Other software scientists using open notebooks (if you have more, please let me know)


Publishing in Computer Science

2010 January 27

Clearly I’m inexperienced, little published, and have never served on program committees. However, I find the issues raised by Moshe Vardie in the SIGMOD journal very cogent. He questions the model of publishing currently in use throughout computer science research. Lance Fortnow goes on to raise the same issues in Communications of the ACM, and there is some good discussion on his blog (emphasis on some – plenty of sidetracking going on there).

The typical argument is that since this is a fast-changing field (a conjecture hitherto unproven by evidence — is it faster-changing than genetics? Than theoretical physics? Than sociology?), we need to publish at annual conferences, because journal turnaround times are much too slow to keep up. But if it takes 2 years to publish in a journal, I’d argue that’s a separate problem.

Vardie’s central point is that conferences aren’t doing a good job in evaluating important research. At best, he says, the reviews serve to correctly identify less than ¼ of the interesting work. The rest is of dubious quality (relative to that rejected). Furthermore, most reviews are hardly peer-review quality, and there is little opportunity to turn things around if a paper has flaws (I expect the model used is, What a lot of submissions – if it has a single flaw, reject it). One person I read claimed that his conference committee had each reviewed 22 papers. If this was a normal conference, that meant that in 2 months or so these people had gone over 22 papers, which is nearly 2-3 papers a week. Either these papers are not complex, or the reviewers are not spending any reasonable amount of effort on it. And that hurts the scientific quality of the field, it allows cheaters and repeat papers, and wastes everyone’s time.

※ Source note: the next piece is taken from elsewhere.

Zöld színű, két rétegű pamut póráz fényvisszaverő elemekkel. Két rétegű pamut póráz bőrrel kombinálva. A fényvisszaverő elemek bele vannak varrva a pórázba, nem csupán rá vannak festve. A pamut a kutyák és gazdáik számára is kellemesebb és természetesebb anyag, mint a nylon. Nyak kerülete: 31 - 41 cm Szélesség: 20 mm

I think the other argument against conferences, though, is more straightforward — too much travel. In my research area, there are 3 or 4 top conferences, each of which has fewer than 300 attendees, many of whom go to the same 3 or 4 conferences. Why not gather the 500 or so unique attendees in one large venue, like the AGU meetings? Travel is expensive, requires inordinate organization efforts, and is bad for the environment and work/life balance.


Understanding climate change with anecdote

2010 January 19

Most skeptics’ views of climate change – anthropogenic global warming – seem to come down to the following template:

“The local temperature around <my city> is much cooler than <my faulty memory>  remembers. Therefore global warming is a crock.”

Hence I have created a simple Python script which can auto-generate this recollection. It uses the monthly average temperature for my city, subtracts the current local temperature, and then, if the difference is positive, the Earth is warming. If the difference is negative, of course, hundreds of well-educated climate scientists are morons, incompetent, members of the Priory of Sion, or out to get you. Helpfully you can run this at particular times during the day to get the effect you wish.

This has the distinct advantage of not relying on spotty memory or aching joints to provide historical weather information. And thus is probably more sciency than most of the writing by Lawrence Solomon.